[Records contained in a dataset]

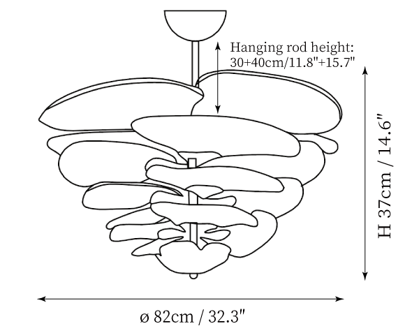 - Dia 82cm x H 37cm / ∅ 32.3″ x H 14.6" (Weight: 22KG/48.5 Ibs), (E14 bulbs x 12 pieces, G4 bulbs x 4 pieces)
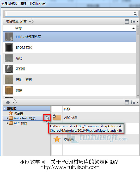 答:将鼠标放置到小锁位置就可以显示出材质库文件的位置!
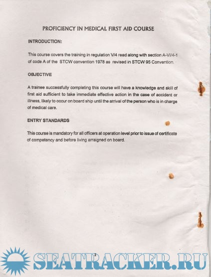 Description: A trainee successfully completing this course will have a knowledge and skill of first aid sufficient to take immediate effective action in the case of accident or illness, likely to occur on board ship until the arrival of a person who is in charge of medical care.
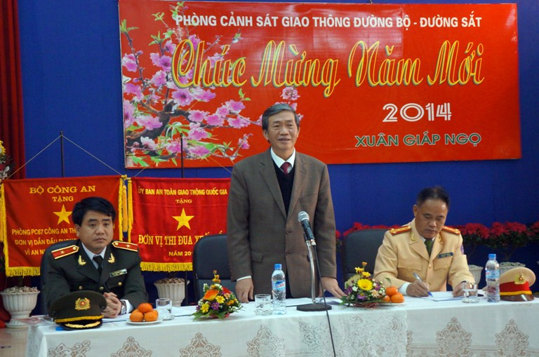 Đại tá Đào Vịnh Thắng – Trưởng phòng CSGT đường bộ-đường sắt đã báo cáo với đồng chí Đinh Thế Huynh những kết quả trong năm công tác 2013. Theo đó, Phòng CSGT đã đẩy mạnh tuyên truyền, đa dạng hóa các hình thức tuyên truyền và đã đạt được những kết quả to lớn. Hệ thống loa tuyên truyền được lắp đặt tại các nút ngã tư, giao thông trọng điểm đã phát huy tích cực, giúp cho đông đảo người dân tham gia giao thông hiểu và chấp hành luật giao thông.
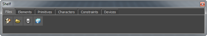 By default, the Shelf tool displays the New File, Open, Save, Save As options in the File tab. The following table lists other tabs and objects within each tab in the Shelf.
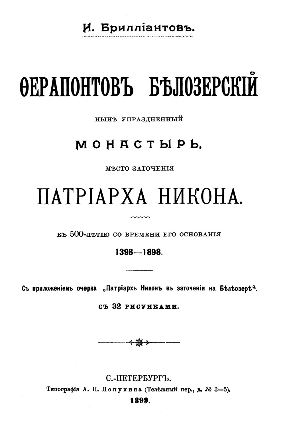 Книга И. И. Бриллиантова «Ферапонтов Белозерский, ныне упраздненный монастырь» (Санкт-Петербург, 1899)
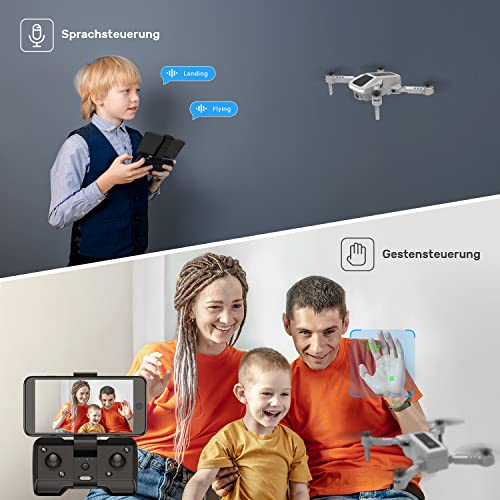 Smartphone-Steuerung: Geben Sie den mündlichen Befehl auf Englische (fly, land), wird die Drohne abheben / landen. Mit der Tap-Fly fliegt die Drohne entlang der benutzerdefinierten Punkte.Im Schwerkraftsensor-Modus flight die Drohne der Richtung Ihres Handys.
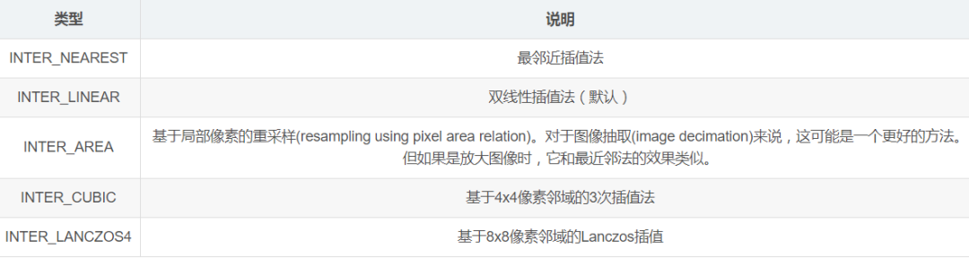 #dst为输出图像,类型与原图像相同dst = cv2.resize(src, dsize[, dst[, fx[, fy[, interpolation]]]])
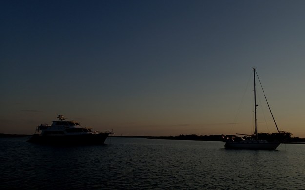 It’s such a beautiful night – I hope no one drags. Goldwin is working on his French accent in case we need it in our next anchorage.
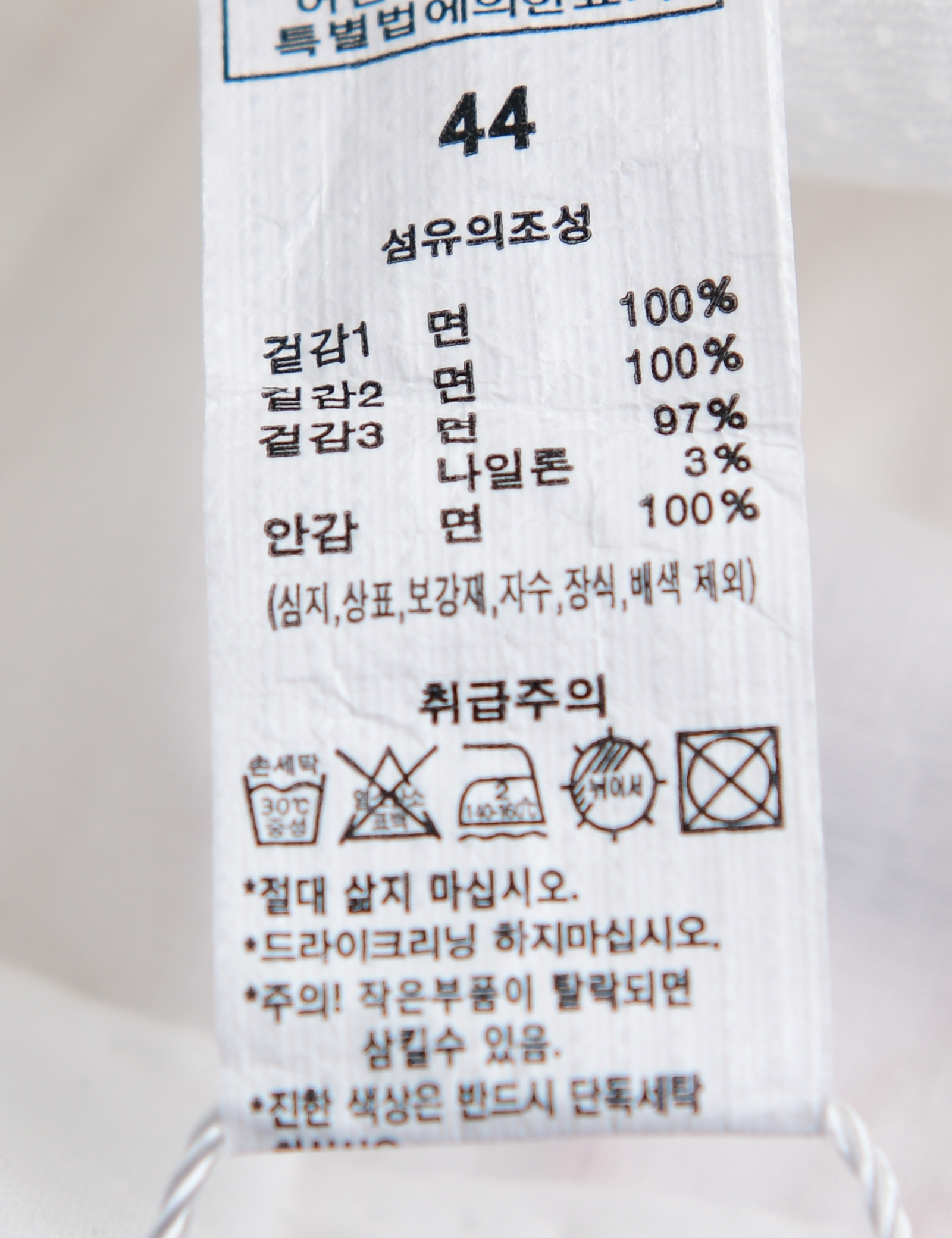 제품소재 (겉감1/겉감2/안감)면100%(겉감3)면97%,나일론3%
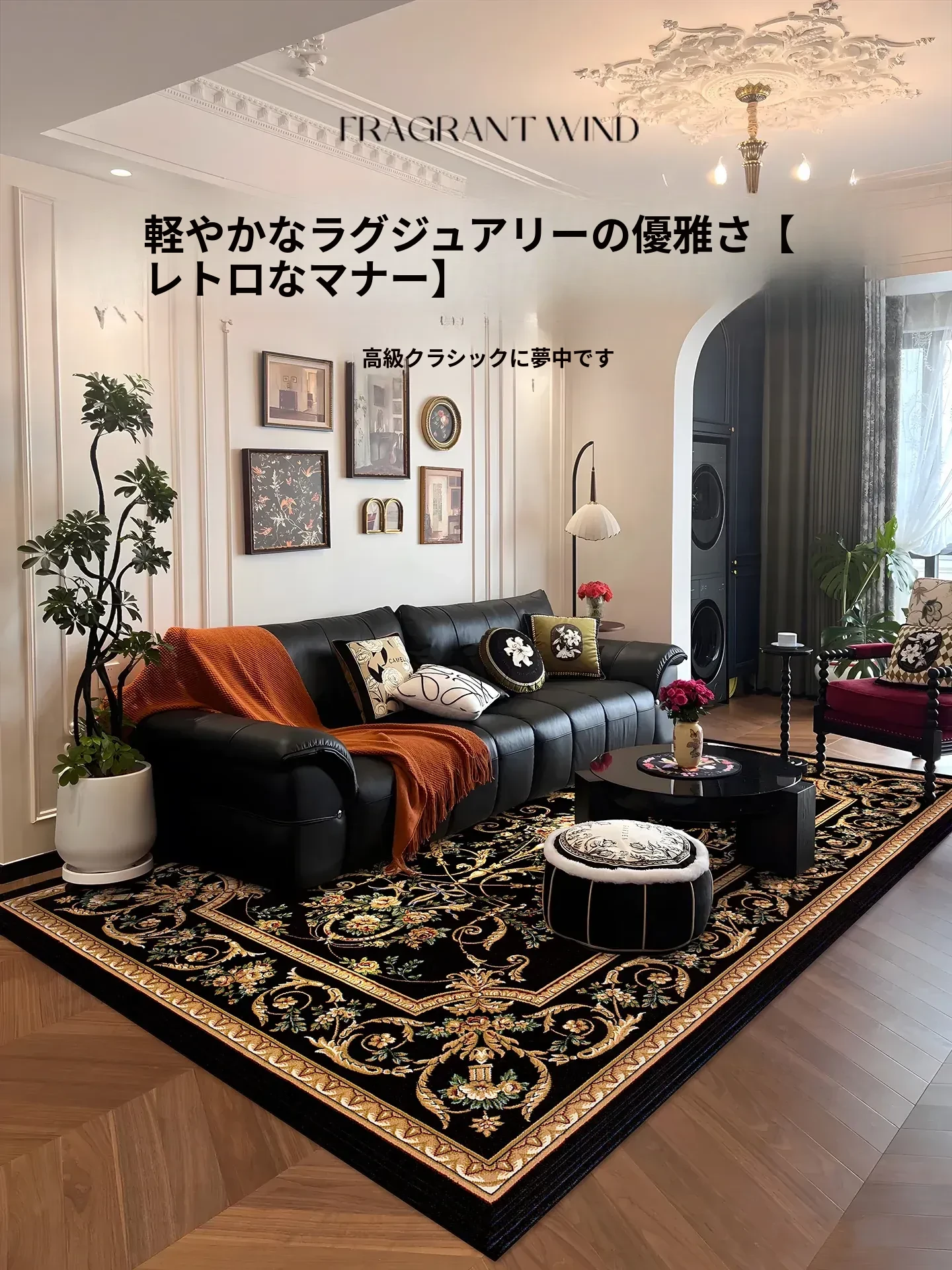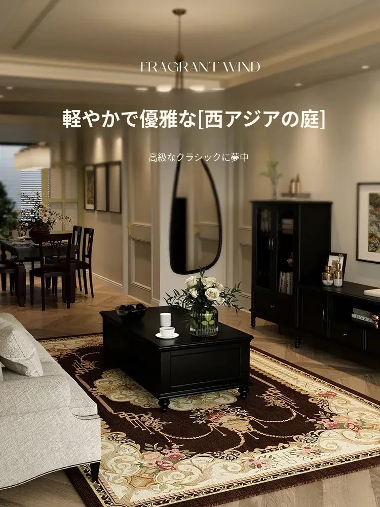 リビングルームにぴったりなレトロスタイルのカーペット!ソファやアメリカンティーテーブルにマッチする高級感あふれるデザイン。フランス風のスタイルでお手入れ簡単、欧風ベッドサイドに最適な防水機能付きの新作です。

### Task goal
All pictures are to be skipped; the lines from the first line of the records through the line containing "Smartphone-Steuerung: Geben Sie" are to be repeated exactly, both ends included.

### Result
 - Dia 82cm x H 37cm / ∅ 32.3″ x H 14.6" (Weight: 22KG/48.5 Ibs), (E14 bulbs x 12 pieces, G4 bulbs x 4 pieces)
 答:将鼠标放置到小锁位置就可以显示出材质库文件的位置!
 Description: A trainee successfully completing this course will have a knowledge and skill of first aid sufficient to take immediate effective action in the case of accident or illness, likely to occur on board ship until the arrival of a person who is in charge of medical care.
 Đại tá Đào Vịnh Thắng – Trưởng phòng CSGT đường bộ-đường sắt đã báo cáo với đồng chí Đinh Thế Huynh những kết quả trong năm công tác 2013. Theo đó, Phòng CSGT đã đẩy mạnh tuyên truyền, đa dạng hóa các hình thức tuyên truyền và đã đạt được những kết quả to lớn. Hệ thống loa tuyên truyền được lắp đặt tại các nút ngã tư, giao thông trọng điểm đã phát huy tích cực, giúp cho đông đảo người dân tham gia giao thông hiểu và chấp hành luật giao thông.
 By default, the Shelf tool displays the New File, Open, Save, Save As options in the File tab. The following table lists other tabs and objects within each tab in the Shelf.
 Книга И. И. Бриллиантова «Ферапонтов Белозерский, ныне упраздненный монастырь» (Санкт-Петербург, 1899)
 Smartphone-Steuerung: Geben Sie den mündlichen Befehl auf Englische (fly, land), wird die Drohne abheben / landen. Mit der Tap-Fly fliegt die Drohne entlang der benutzerdefinierten Punkte.Im Schwerkraftsensor-Modus flight die Drohne der Richtung Ihres Handys.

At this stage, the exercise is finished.